Love believed cab drivers weren't covered by workers' comp thanks to an exemption in state law that prevents cabbies and 26 other types of workers (including golf caddies and newspaper carriers) from filing such claims. But his cabbie, Sherry Valadas, ended up winning an undisclosed amount plus $4,700 in attorney fees from SAIF Corp., the state-owned workers' comp insurer, for her claim in April 2005. The driver had suffered a strained pelvis in her accident after transporting a disabled passenger for TriMet.
And that's put Love, who owns Pacificab of Hillsboro, at the center of a statewide showdown between SAIF and cab companies across Oregon, who employ about 1,400 taxi drivers and chauffeurs.
The battle is over the state's current definition of a cab driver and whether someone driving a fare under a large umbrella contract—in this case, transporting disabled passengers for TriMet—can file a claim.
SAIF thinks cab companies should have to pay insurance premiums for such drivers because they aren't doing taxi work as defined by the sta te exemption: In the case of transporting disabled passengers, SAIF says the route is determined by the contract with TriMet, not the cab passenger. Other businesses that sign umbrella contracts with cab companies include Providence hospitals. And in Eugene, Oregon Taxi—also being chased by SAIF for premiums—contracts with the state to provide transportation for medical patients.

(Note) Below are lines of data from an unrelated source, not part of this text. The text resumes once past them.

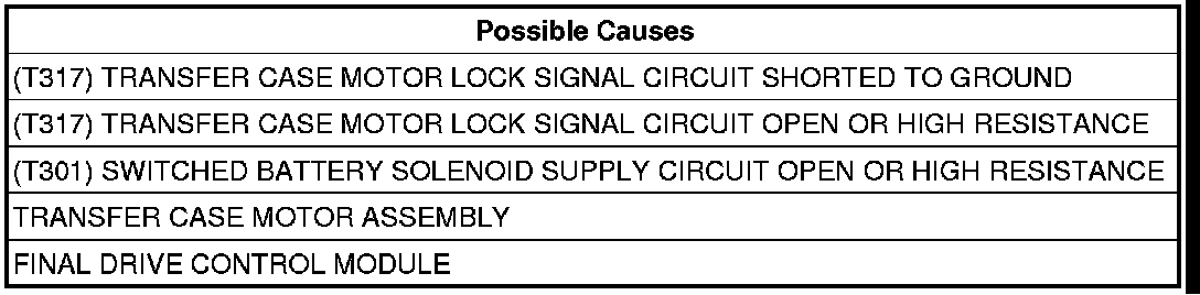 - Repair the (T317) Transfer Case Motor Lock Signal circuit for a short to ground.
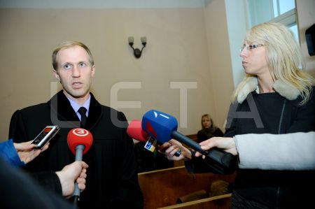 Prokurors Mārcis Viļums atbild uz žurnālistu jautājumiem pirms tiesas ...
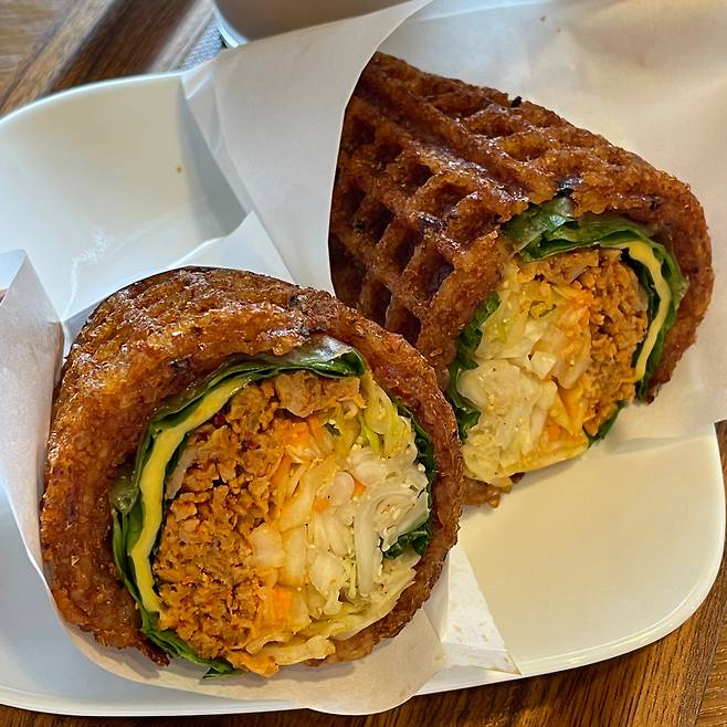 전주 벽화마을에 위치한 두이모 카페에서 판매하는 비빔밥 와플. 고추장에 버무린 흑미밥을 납작하게 구워 만든 와플에 양배추 샐러드와 제육볶음, 치즈, 깻잎을 넣고 돌돌 말아 만든 음식이다. 배를 든든하게 채울 수 있어 한끼 식사로도 훌륭하다.

Since Love's cabbie won her claim, SAIF has sought premium payments averaging $5,610 a year for each driver from other cab companies. So far, SAIF's arguments have prevailed with the administrative law judges who decide disputes between SAIF and the companies it insures.

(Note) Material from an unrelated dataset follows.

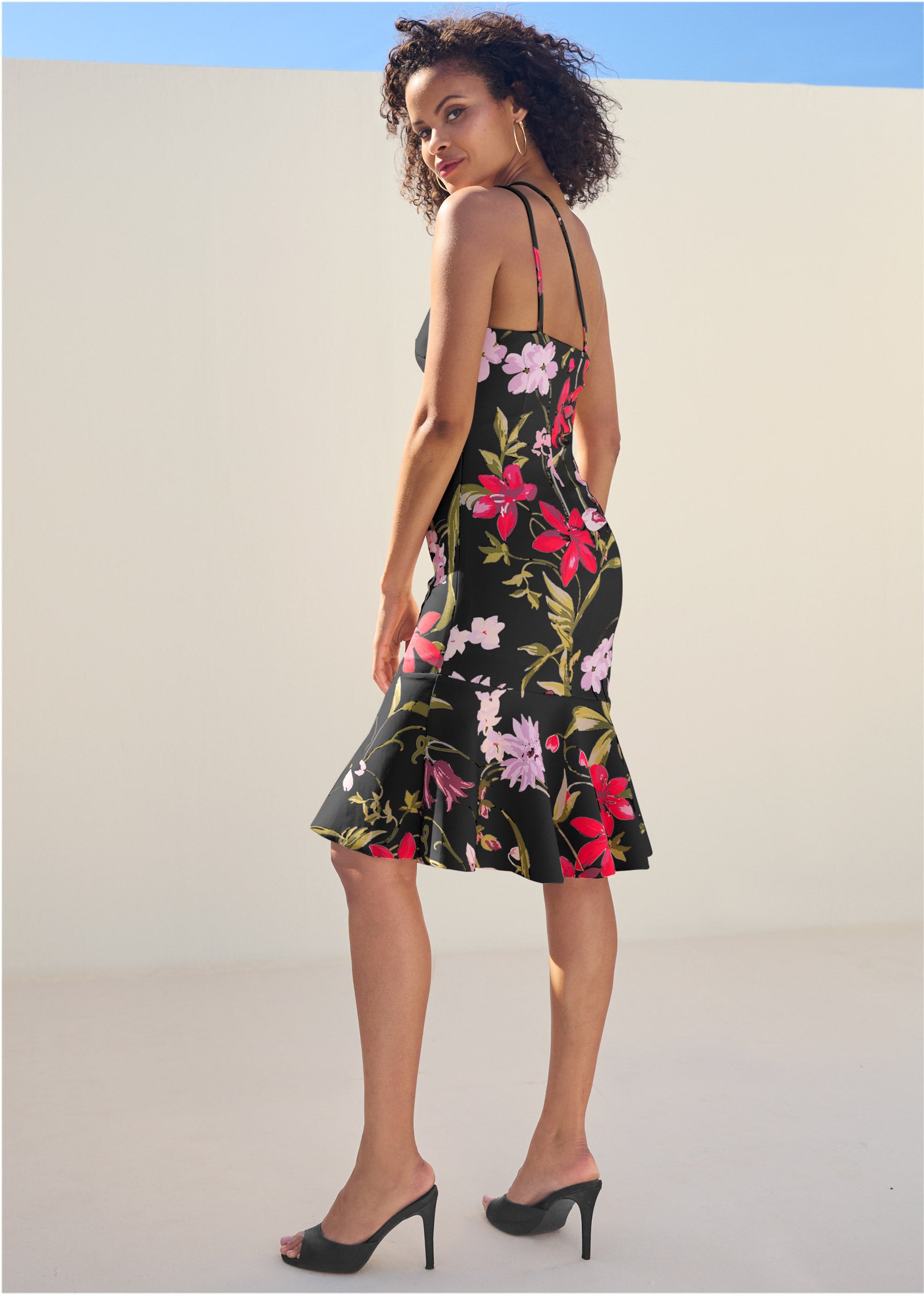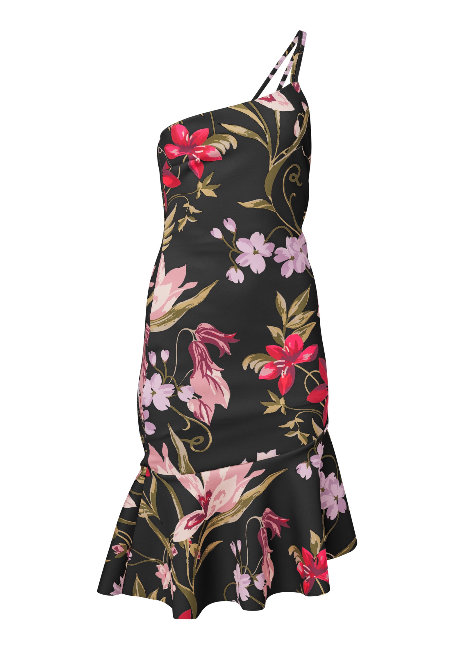 Find your flirt in this form-fitting tiered midi dress. The one-shoulder design with double narrow straps adds a delicate touch to the neckline. The asymmetrical ruffle hemline flares out from the body adding movement to each step.* Sizes: XS (2). S (4-6). M (8-10). L (12-14). XL (16)* Plus sizes: 1X (18-20). 2X (22-24). 3X (26-28)* 38" at shortest point. 43" at longest point; measurements vary by size* Double adjustable straps at one shoulder* Asymmetrical ruffle hem* Invisible side zipper closure* Print placement may vary* Fabric has stretch* Poly/elastane. Imported

"It's not like we have targeted anybody," says SAIF spokesman Chris Davie. "We're just trying to make sure that we're collecting the premium that people ought to be paying for the exposure that they have."
Cab companies say those drivers are still exempted and that SAIF is equivocating over a technicality—who decides the route of a cab ride.
They say to make their businesses pay workers' comp premiums as if drivers were employees instead of independent contractors would require them to ask the local governments that regulate them to double fares.
"Even if I won right now, I think it'd put us out of business," said Tim O'Conner, owner of Milwaukie-based Sassy's Cab, which operates a small fleet of 17 cabs with 22 drivers.
Steve Entler, general manager of Portland-based Radio Cab, says the contract work that SAIF takes issue with is only about 10 percent of his company's business. But Entler's not waiting to see how the dispute plays out.
His company, which fields about 100,000 calls a month for 300-plus drivers, has lobbied to have a bill introduced in the Oregon Senate. The bill, SB 688, would broaden the workers' compensation exemption for cabbies to make clear that anyone who drives a cab for a living is not subject to workers' comp.
"As an employer, it concerns me," says Entler, who pays insurance premiums for his office staff of just under 50 people. "People should have medical coverage. Unfortunately, SAIF's form of protection is prohibitively expensive."
Davie says SAIF doesn't oppose the bill sought by Radio Cab, but it does want clearly defined rules to follow.
"We would like to have a nice, very clear, bright standard that everyone understands,'' Davie says. "But our experience in the past few years is, that standard is kind of muzzy."